Titolo della tesi: Thermal management strategies for contemporary and next-generation computing devices - A Computational Fluid Dynamics Study with High Fidelity DNS Simulations for Coupled Conjugate Heat Transfer
The exponential growth of computational demand, driven by advances in Artificial Intelligence (AI), scientific simulation, and data analytics, has made efficient thermal management an urgent engineering challenge, particularly in High-Performance Computing (HPC) systems. With processors reaching power levels exceeding 1200W, the heat flux density has surpassed the capabilities of traditional cooling technologies, necessitating novel solutions to maintain system stability, energy efficiency, and performance.
This doctoral thesis addresses the critical issue of thermal management in advanced computing architectures by employing high-fidelity Conjugate Heat Transfer (CHT) simulations and experimental validation. Using the open-source CFD platform OpenFOAM, this work presents a multi-faceted investigation into thermal control strategies, aligned with the broader objectives of Italy’s Piano Nazionale di Ripresa e Resilienza (PNRR) and focused on industrial applicability and digital-ecological transition.
The core of this research comprises three interconnected studies. First, a comprehensive study of microchannel cooling systems for HPC applications is undertaken. Through Direct Numerical Simulations (DNS) and experimental validation, the effects of fin geometries, pin arrangements, and flow disruptions are analysed. A full-scale microchannel heat block is fabricated and tested, offering design insights with real-world applicability. Furthermore, in collaboration with Gemateg srl, the integration of such systems with thermoelectric modules is explored to enhance thermal control capabilities further.

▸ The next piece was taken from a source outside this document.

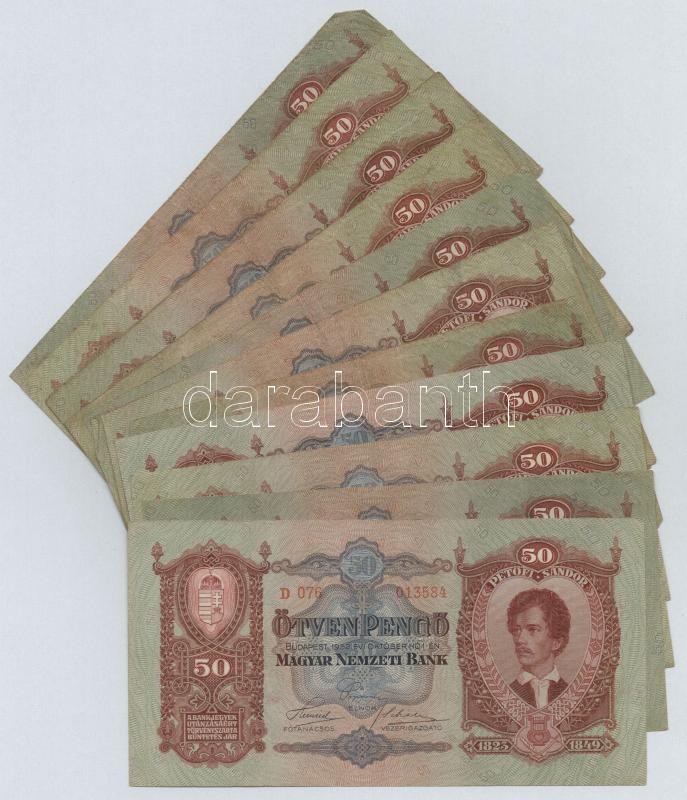 1932. 50P (15x) T:III,III- https://www.darabanth.com/de/327-Fernauktion/327.0/Numismatik/Ungarische-Banknoten~2000007/1932-50P-15x-TIII-III-~II1821150

Second, the thesis briefly examines a bistable system driven by displacement flows inspired by bistable natural ventilation dynamics. DNS is used to explore complex fluid behaviours, such as flow flipping, with potential applications in edge computing and passive thermal regulation for remote sensors and IoT devices.
Finally, a short outlook is provided on the foundational principles of cryogenic cooling systems. This is primarily informed by the experience gained during a secondment at CERN, which allowed for the study of these systems in a high-energy physics context. This section serves to explain the nature of that collaboration and to highlight the broader applications of such ultra-low temperature technology.
Collectively, this thesis presents a methodology for designing and optimising next-generation thermal management systems. It offers practical engineering solutions for immediate application in HPC, insights into passive systems for low-power electronics, and preliminary frameworks for future technologies. These contributions aim to enable higher CPU/GPU performance by safely and efficiently pushing thermal limits, thereby supporting the continued evolution of computational infrastructure.